El pueblo que ha vencido en su propia revolución debe ayudar a aquellos que aún luchan por liberarse.

Es nuestro deber internacionalista.

Mao Zedong

Conversaciones con amigos africanos,

8 de agosto de 1963

Corteza de piel de elefante

28

A cincuenta kilómetros al oeste de Pekín, no muy lejos de las ruinas del palacio del Emperador Amarillo, había una serie de edificios de color gris rodeados de un muro que, en ciertas ocasiones, utilizaba la cúpula del Partido Comunista Chino. Dichos edificios, que por fuera daban la impresión de ser muy modestos, constaban de varias salas de conferencias de grandes dimensiones, cocina y restaurante, y estaban rodeados de un gran parque donde los convocados a alguna reunión podían estirar las piernas o mantener discretas conversaciones privadas.
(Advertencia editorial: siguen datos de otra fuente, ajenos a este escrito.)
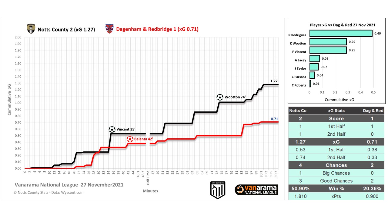 7 Notts players with attempts on goal against Dagenham with Ruben Rodrigues recording the highest xG value for the game, undoubtedly helped by 'that' header.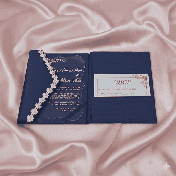 πβππ πππππβπΎ πββπππ»πΌπ: A wedding invitation folio with a tri-fold orientation. This silk folio comes with a die-cut shape acrylic invitation. The silk wedding invite has a pocket inside for additional enclosure card inserts.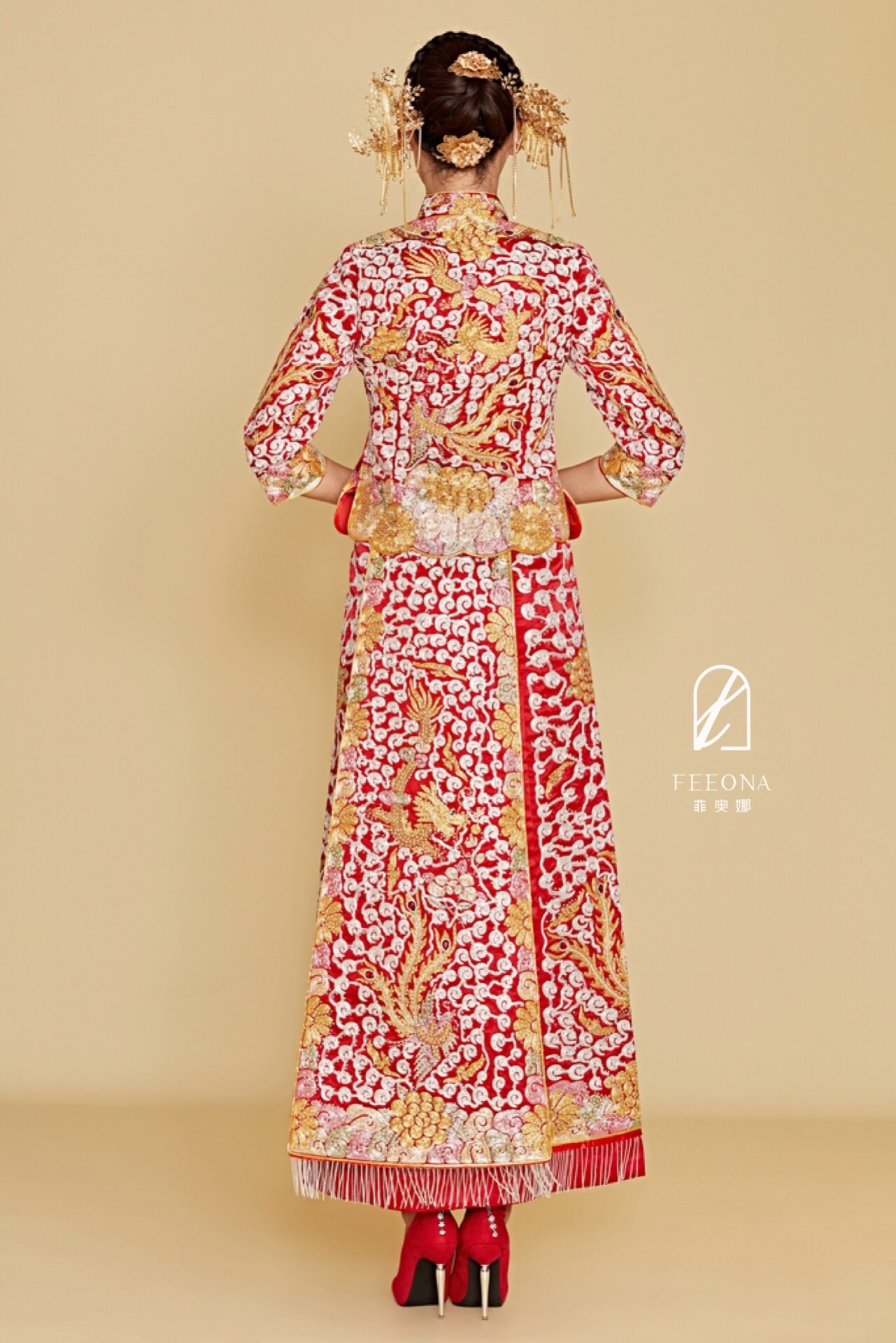 FEEONA蒂芙尼浪漫主纱系列包含: *大拖尾主纱一件 *出门纱或秀禾一件 *敬酒服一件 *伴娘服三件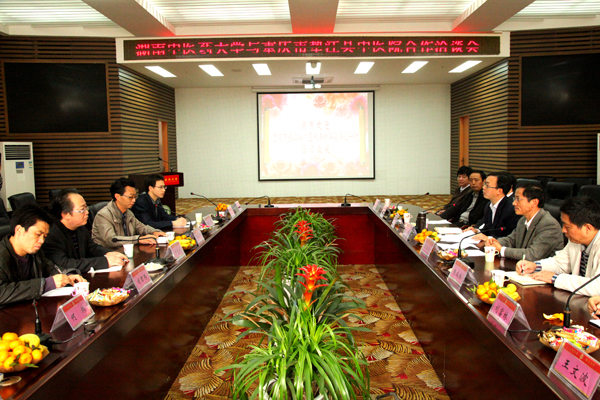 会议由何清湖主持,廖端芳代表学校热烈欢迎医院代表的到来,对其到我校招纳人才表示衷心感谢,指出,此次洽谈会的召开将会促进双方的合作迈出一大步。会上,双方就举办垫江研究生班的事宜、医院高级职称人员聘为我校兼职教授事宜、选派研究生导师事宜进行了交流讨论,并形成了初步的工作方案。针对医院提出的希望我校通过联合或派专家方式帮助改善医院薄弱专科,尤其能在肛肠、皮肤、肿瘤、 肝病等专科上进一步加强合作的问题,何清湖表示,校方支持合作,将在互相了解的基础上,针对四个专科与直属附属医院进行对口支持,学校负责监督协调。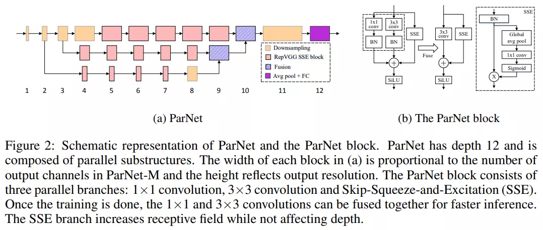 该研究提出了一种深度较低但仍能在多项基准上实现高性能的网络架构 ParNet,ParNet 由处理不同分辨率特征的并行子结构组成。这些并行子结构称为流(stream),来自不同流的特征在网络的后期融合,融合的特征用于下游任务。图 2a 提供了 ParNet 的示意图。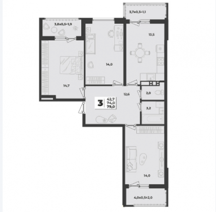| Жилая площадь | 42.7 |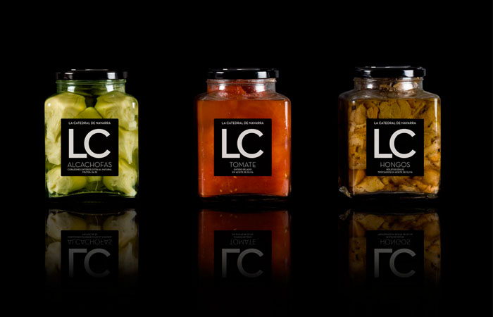 La Catedral de Navarra is a contemporary take on food package design. An eye catching modern logo is something I rarely see in the food industry and on top of that the main color being black, which you also rarely see in food packaging. I really love the uniqueness this design has and the vibrant colors that are represented through the vegetables in each jar which accents the label and overall design very well. It would definitely catch my eye on the shelf! See more images after the jump!

Tan sólo quienes pertenecían a las más íntimas esferas del Partido Comunista sabían que aquel complejo, al que sólo se aludía con el nombre de Emperador Amarillo, era el que se utilizaba para negociaciones cruciales relativas al futuro de China.
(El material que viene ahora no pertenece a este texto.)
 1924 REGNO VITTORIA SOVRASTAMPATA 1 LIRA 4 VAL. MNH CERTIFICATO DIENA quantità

Y eso fue lo que pasó aquel día de invierno de 2006. Muy temprano por la mañana llegaron hasta allí una serie de coches de color negro que, a gran velocidad, atravesaron las puertas que cortaban el muro y que no tardaron en cerrarse nuevamente. En la chimenea de la gran sala de reuniones ardía un generoso fuego. Los convocados eran diecinueve hombres y tres mujeres. La mayor parte de ellos contaba más de sesenta años, los más jóvenes rondaban los treinta y cinco. Todos se conocían de ocasiones anteriores. Juntos constituían la elite que, en la práctica, gobernaba China, tanto en lo político como en lo económico. Los únicos que faltaban eran el presidente del país y el alto mando militar. Ellos eran, en efecto, a quienes los participantes de aquella reunión debían rendir cuentas y presentar las propuestas acordadas una vez concluida la reunión.